REQUIRED WORK
Quote word for word the lines starting at the line with "12月30日,县委、县政府号" and ending at the final line of the entries. Leave out any pictures.

MATERIAL FOR THIS EXERCISE
——
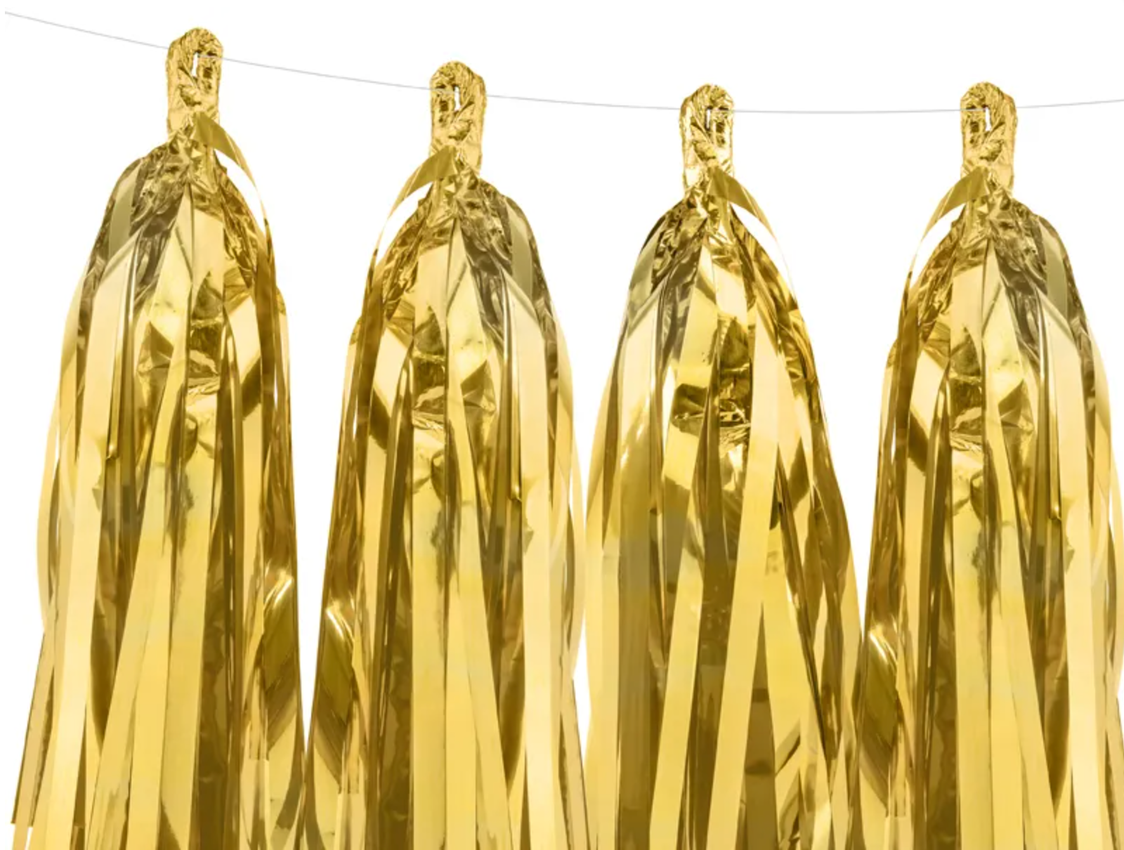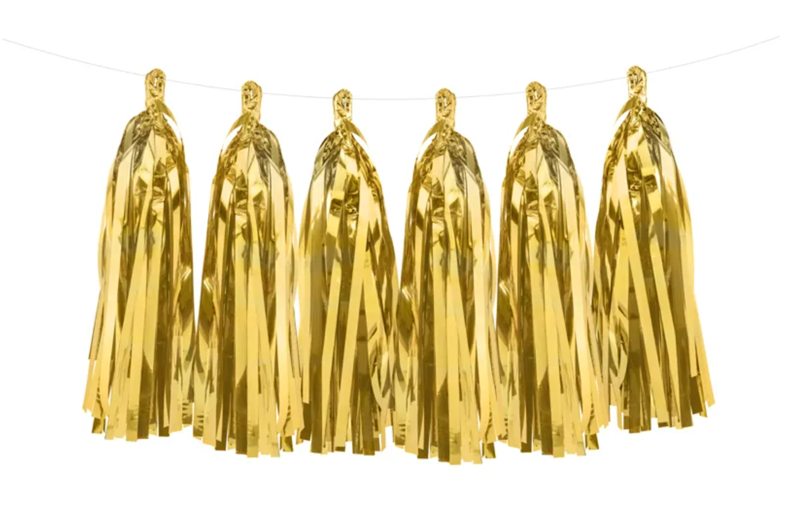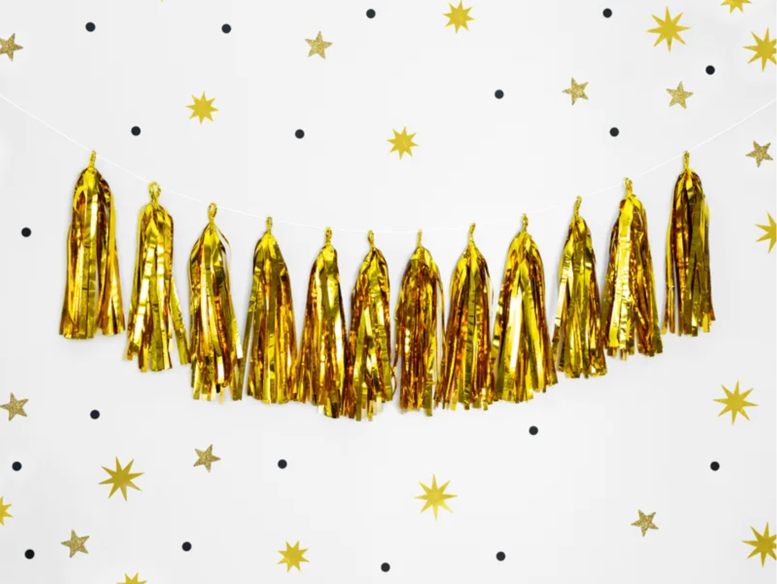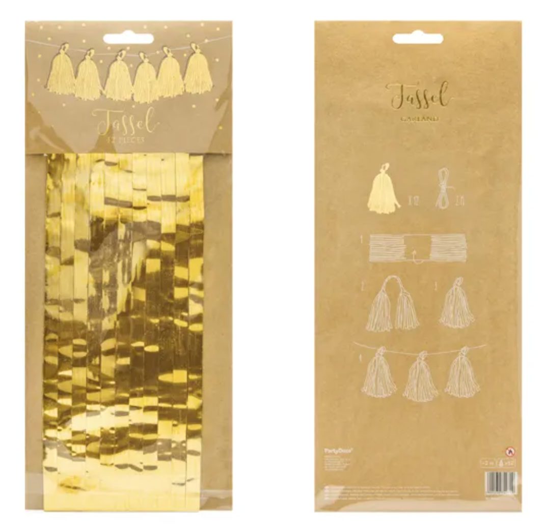 Girlanda frędzle, do samodzielnego złożenia, zestaw zawiera 12 frędzli w kolorze złotym lustrzanym i ok. 2 m białego sznurka, wymiary... Czytaj więcej
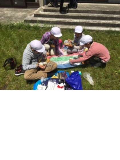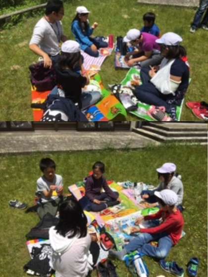 天気よし、気温もちょうどよく外でお弁当です。清々しいです。保護者の皆さん、朝早くからのお弁当作りありがとうございます。
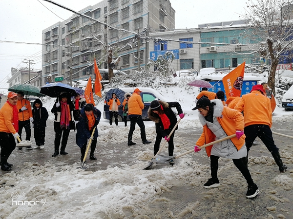 12月30日,县委、县政府号召全县党员干部、人民群众迅速行动起来,抓住雪停后的有利时机,开展积雪清扫活动,切实降低冰冻灾害影响,保障大家出行安全。
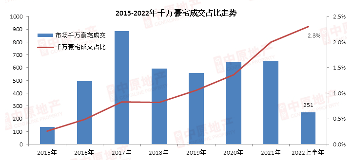 尤其在疫情之后,豪宅成交占比更是猛增,从2020年的1.4%,跃升至2022年上半年的2.3%,净增0.9%。
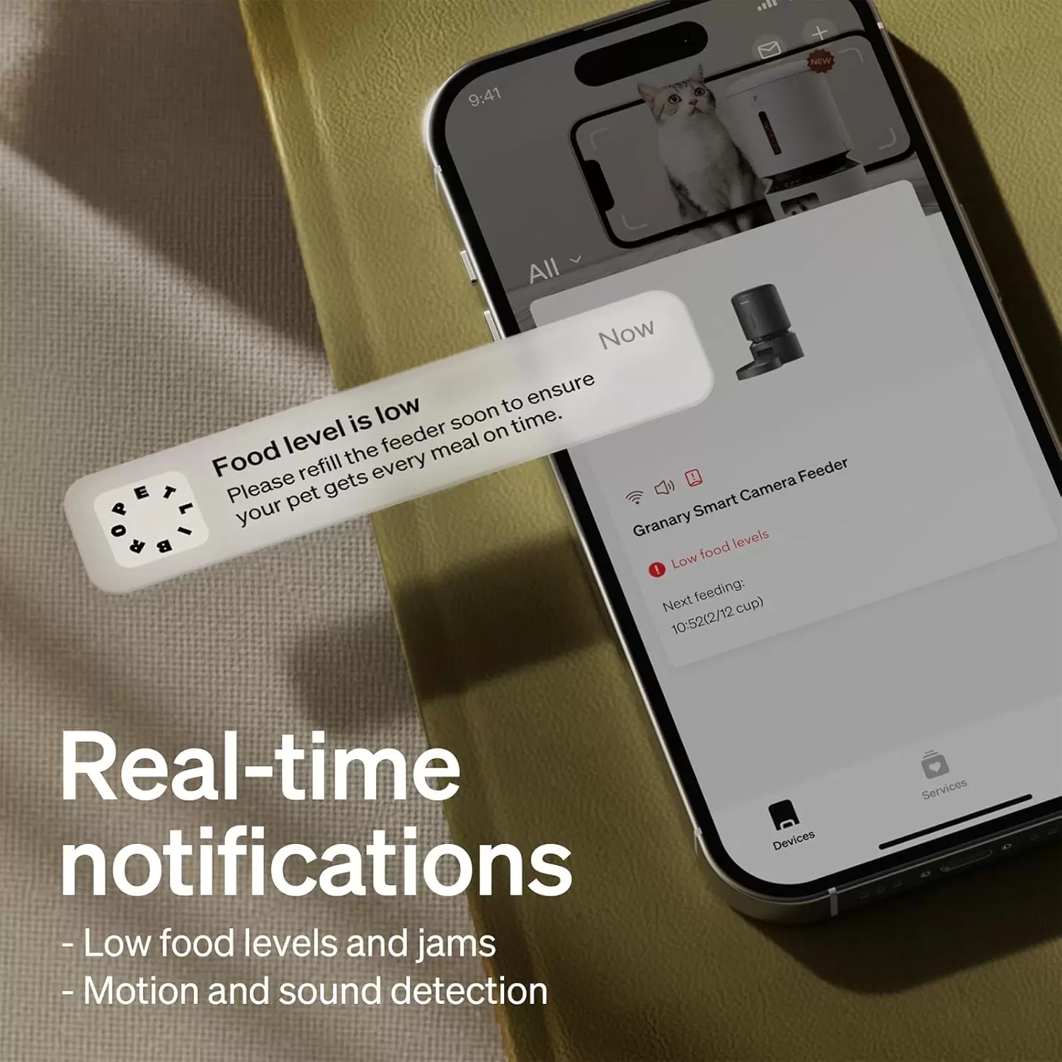 Control inteligente por App y conexión estable Programe fácilmente hasta 10 comidas al día con porciones ajustables desde su smartphone. Gracias a su compatibilidad con redes WiFi de 2.4 y 5 GHz, el dispositivo asegura una conexión estable y sin interrupciones. La aplicación también envía alertas instantáneas si el nivel de comida es bajo o si ocurre cualquier inconveniente con la entrega del alimento.
——
FINISHED TASK
 12月30日,县委、县政府号召全县党员干部、人民群众迅速行动起来,抓住雪停后的有利时机,开展积雪清扫活动,切实降低冰冻灾害影响,保障大家出行安全。
 尤其在疫情之后,豪宅成交占比更是猛增,从2020年的1.4%,跃升至2022年上半年的2.3%,净增0.9%。
 Control inteligente por App y conexión estable Programe fácilmente hasta 10 comidas al día con porciones ajustables desde su smartphone. Gracias a su compatibilidad con redes WiFi de 2.4 y 5 GHz, el dispositivo asegura una conexión estable y sin interrupciones. La aplicación también envía alertas instantáneas si el nivel de comida es bajo o si ocurre cualquier inconveniente con la entrega del alimento.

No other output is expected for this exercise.